BEGIN Raw data

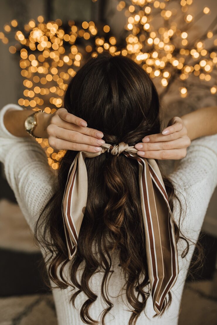 - учитывать структуру волоса — голливудская волна или низкий хвост без начеса у корней идеально подойдут для прямых гладких волос, пушистые и кудрявые лучше собрать в пучок или сделать из них легкие волны;
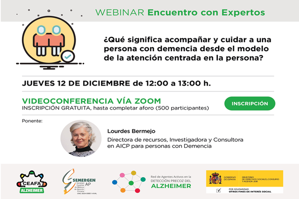 La Confederación Española de Alzheimer y otras Demencias (CEAFA) organiza un nuevo webinar de ‘Encuentro con Expertos’ el próximo jueves, 12 de diciembre de 12:00 a 13:00 horas
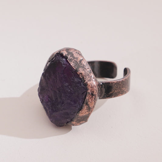 Green Fluorite Ring on Rustic Copper – Calm and Clarity
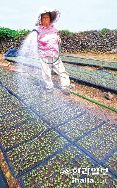 3일 제주시 한림읍 상대리에서 한 농민이 양배추 모종에 물뿌리기 작업을 하고 있다. 강희만기자

END Raw data

Task instructions - Output the lines of the data exactly, starting at the first and ending with the line that has "Green Fluorite Ring". Pictures are not part of it.

Written reply -
 - учитывать структуру волоса — голливудская волна или низкий хвост без начеса у корней идеально подойдут для прямых гладких волос, пушистые и кудрявые лучше собрать в пучок или сделать из них легкие волны;
 La Confederación Española de Alzheimer y otras Demencias (CEAFA) organiza un nuevo webinar de ‘Encuentro con Expertos’ el próximo jueves, 12 de diciembre de 12:00 a 13:00 horas
 Green Fluorite Ring on Rustic Copper – Calm and Clarity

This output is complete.